Bring a parade of spring-to-fall color to partly shady garden corners with six annuals that require simple care.

Like the best negotiators, some annual flowering plants are willing to compromise. They may prefer full sun or full shade, but in a pinch, they brighten partially shady spots without complaint. Gardens with tree-filtered sunlight or only four to six hours of direct sun exposure each day are in partial shade, and these accommodating annuals are well-adapted to call them home. Some tolerate sunlight better than others, however. So choose plants accordingly.
Full Sun to Part Shade
Floss Flower
Downy-soft and as achingly blue as an empty summer sky, the fuzzy blooms of floss flower (Ageratum houstonianum) carpet sunny to partially shady areas from early summer until frost. In hot-summer climates, floss flower thrives when given afternoon shade. Plant floss flower -- which grows 6 inches to 2 1/2 feet tall, depending on its cultivar -- in fertile, consistently moist and well-drained soil.
Loves-Lies-Bleeding
Waterfalls of blood-red flowers cascading down columns of pale-green, heart-shaped leaves inspired the romantic name of love-lies-bleeding (Amaranthus caudatus). An eye-catching walkway edger or hanging-basket addition, the 2- to 4-foot-tall annual plant blooms from midsummer to the first fall frost and requires averagely fertile, moist, well-drained soil. Like floss flower, it benefits from afternoon shade where summers are hot.
China Aster
China aster (Callistephus chinensis) features 3- to 5-inch-diameter, pompom or daisylike flowers that look like the blooms of the hardy garden mum (Chrysanthemum morifolium). Hardy garden mum's blooms are common in the fall gardens of U.S. Department of Agriculture plant hardiness zones 5 through 9, where that plant grows as a perennial. The resemblance is strong enough that when China aster flowers open in midsummer, you may think fall has arrived two months early.

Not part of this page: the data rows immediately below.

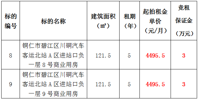 拍品8號和9號標的位于銅仁碧江區(qū)川硐汽車客運北站A區(qū)進站口負一層8-9號的商業(yè)房地產(chǎn),位于銅仁市中心以北,銅仁汽車北站安置旁,建筑面積分別為:121.5㎡、121.5㎡,租賃期5年,該標的位置交通便利,人流量大。
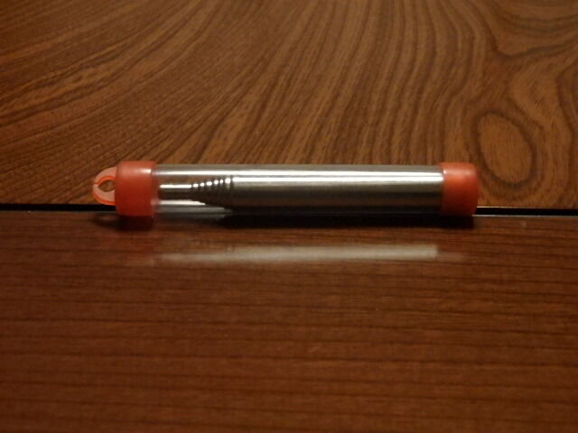 ケースから取り出し、ロッドアンテナの要領で引っ張るとこんなに長くなります。火吹き棒だそうです。口を付ける物だから、こうしてケースがあるのは衛生上よいかもしれませんね。
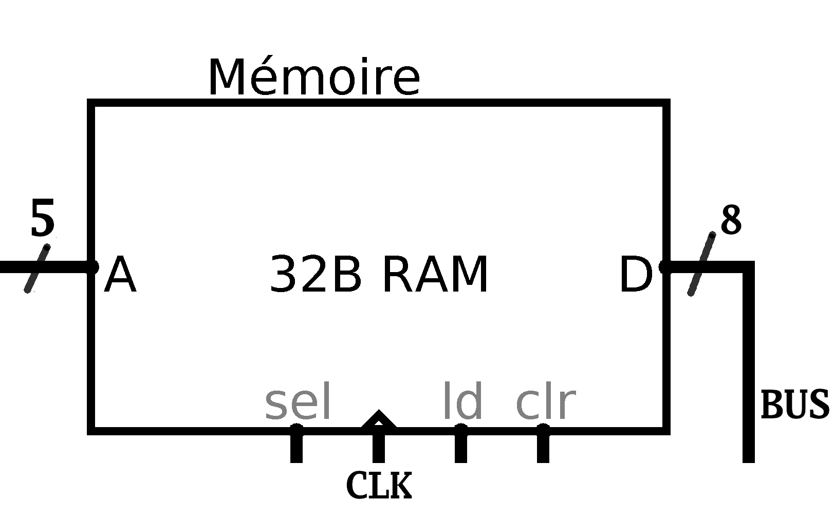 - Des adresses sur 5 bits également – Nous n'aurons donc que $2^5 = 32$ octets en mémoire !
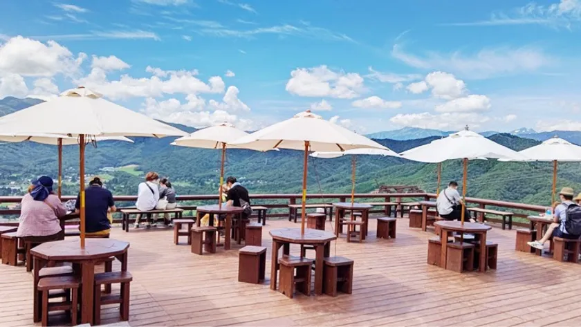 ■Momoiroカフェ:花畑や雄大な山並みが見渡せる絶景テラス
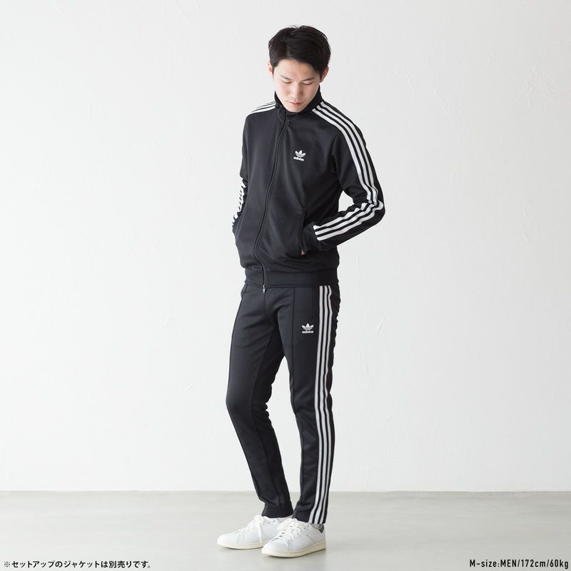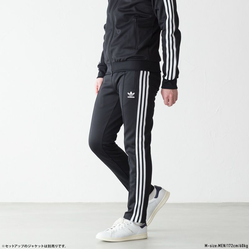 ドイツの伝説的サッカープレイヤー、ベッケンバウアーの名を冠したトラックパンツ。 アディダスの象徴スリーストライプをサイドに配し、センターステッチを利かせたクラシカルなデザインに仕上げています。ボディにはコットン52%を使用したレトロな風合いのダブルニット生地を採用。シルエットは裾に向かってシェイプしたスリムテーパード。adidasジャージの中でも美脚効果が高くスマートに穿きこなすことができます。
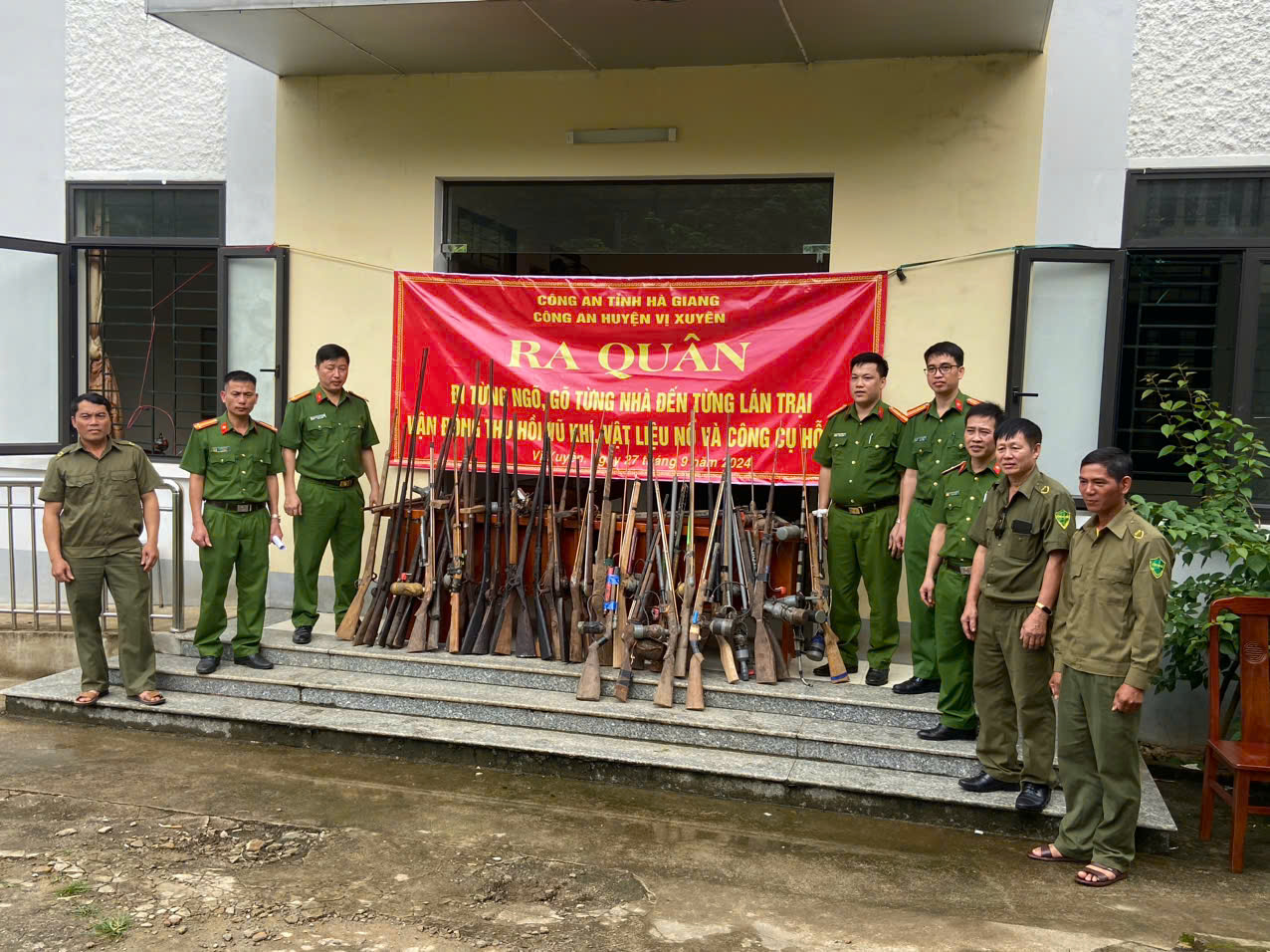 Công an xã Phú Linh (huyện Vị Xuyên, tỉnh Hà Giang) đi từng ngõ, gõ từng nhà tuyên truyền, vận động người dân thu hồi vũ khí.
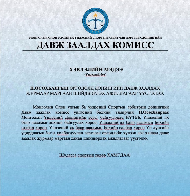 Улсын гарди Н.Өсөхбаяр допингийн шийдвэрийг эсэргүүцэж, Арбитрын шүүхэд хандлаа
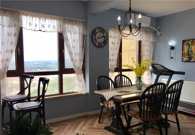 这本来是入户花园,考虑到空间大小,最后我们改做了餐厅,使得空间给人的感觉大一些。布置我们家人都比较喜欢的实木餐桌,平时家里人多来客人的时候,也可以方便挪动餐桌位置。窗户比较多,采光非常充足。
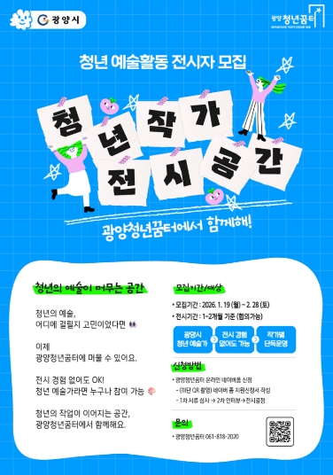| 광양시 광양청년꿈터 내 청년 작가 전시 공간 운영 본격화 - 청년일자리과(포스터) |
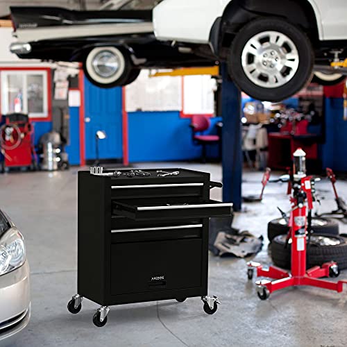 [Perfettamente equipaggiato] Carrello portautensili Aebos con 4 cassetti con 81 pezzi. Attrezzi e un ampio spazio di archiviazione. Realizzato in acciaio massiccio. Piano di lavoro robusto e antigraffio. I cassetti con guide scorrevoli con cuscinetti a sfera e tappetini antiscivolo assicurano che gli attrezzi rimangano al loro posto ed evitino un rumore durante lo spostamento del carrello.
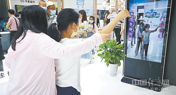 在2020服貿會5G通信服務專題展區(qū),觀眾正體驗“AR試衣鏡”。經(jīng)濟日報-中國經(jīng)濟網(wǎng)記者崔國強攝
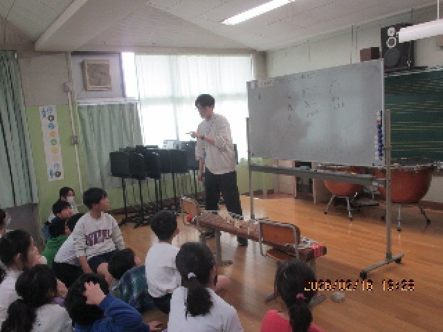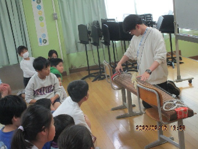2組の4時間目の音楽の授業は、「日本の音楽に親しもう」の単元で、箏について学習しました。本物の箏を前に、まずは各部分の名称や実際に弾くときの注意事項について学びます。4月に歌った「さくらさくら」を思い出しながら、先生が奏でる箏の音色をじっくり味わい、次時の活動への関心を高めていました。
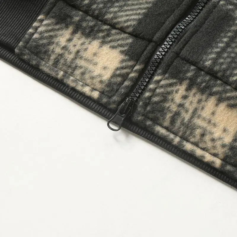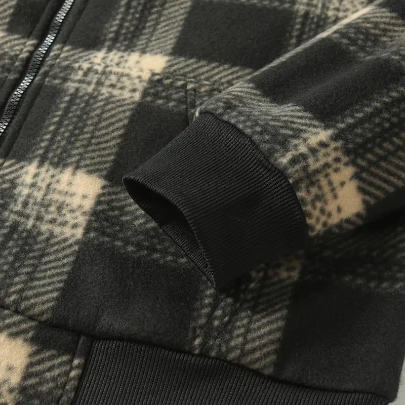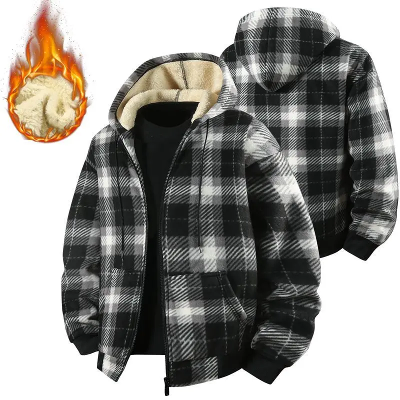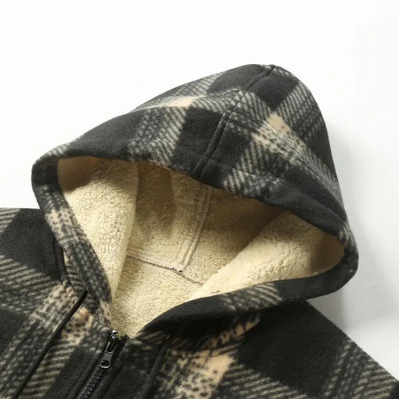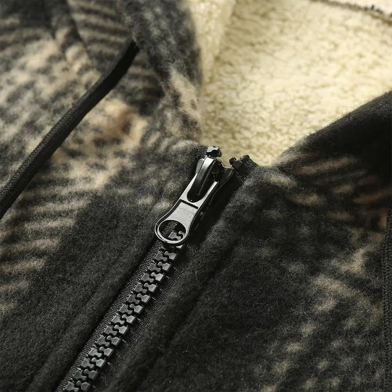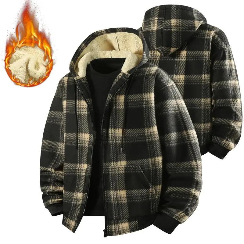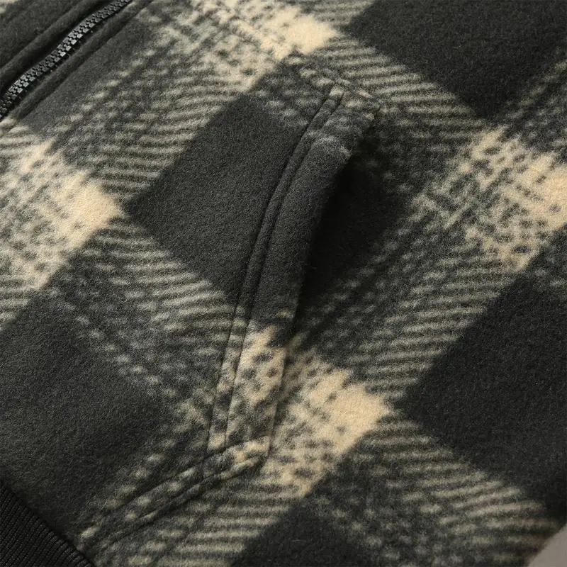 Men's Retro Fleece Jacket with Motorcycle Embroidered Stand Collar Hooded Sweatshirt Stylish Plaid Shirt Versatile Warm Top for Spring and Autumn
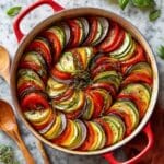 Keywords: ratatouille, classic French recipe, vegetable stew, baked vegetable dish, healthy vegetarian dinner, Mediterranean vegetables, summer recipe

The white, yellow, red, pink, blue or purple flowers persist for several weeks. Grow the 2- to 3-foot-tall China aster in fertile, consistently moist, well-drained soil.
Pot Marigold
Pot marigold (Calendula officinalis) has flaunted its edible, sunshine-yellow to flame-orange flowers in kitchen gardens since Shakespeare's day, when both its blooms and leaves were tossed into the soup kettle for color and flavor. Today, pot marigold cultivars add creamy and apricot shades to the plant's palette. In cool-summer climates, the 1- to 2-foot-tall plant blooms during most of the growing season; elsewhere, giving it afternoon shade and cutting it back when hot weather arrives encourages the plant to have a second round of flowers in fall. Pot marigold thrives in averagely fertile, averagely moist, well-drained soil.
Part Shade to Full Shade
Wishbone Flower
In partial to full shade, wishbone flower (Torenia fournieri) glows like tiny torches. Blooming in combinations of blue, lavender, pink, white and yellow, the plant is named for the inverted-V stamens tucked deep in its flowers' throats. Low mounds of light-green leaves increase the 6 inch- to 1-foot-tall plants' brightening effect. Wishbone flower grows best in rich, moist, well-drained soil.
Jewelweed
A candidate for wet, shady spots where other annuals struggle, jewelweed or spotted touch-me-not (Impatiens capensis) is a distant relative of the more familiar impatiens (Impatiens walleriana), a tender perennial in USDA zones 10 through 11 but widely grown as an annual. Jewelweed is a much larger plant, typically growing 2 to 5 feet tall. From summer to early fall, hummingbirds often sip nectar from its orchidlike, red-spotted, orange flowers. Plant jewelweed in wet, humus-rich soil where it has room to spread.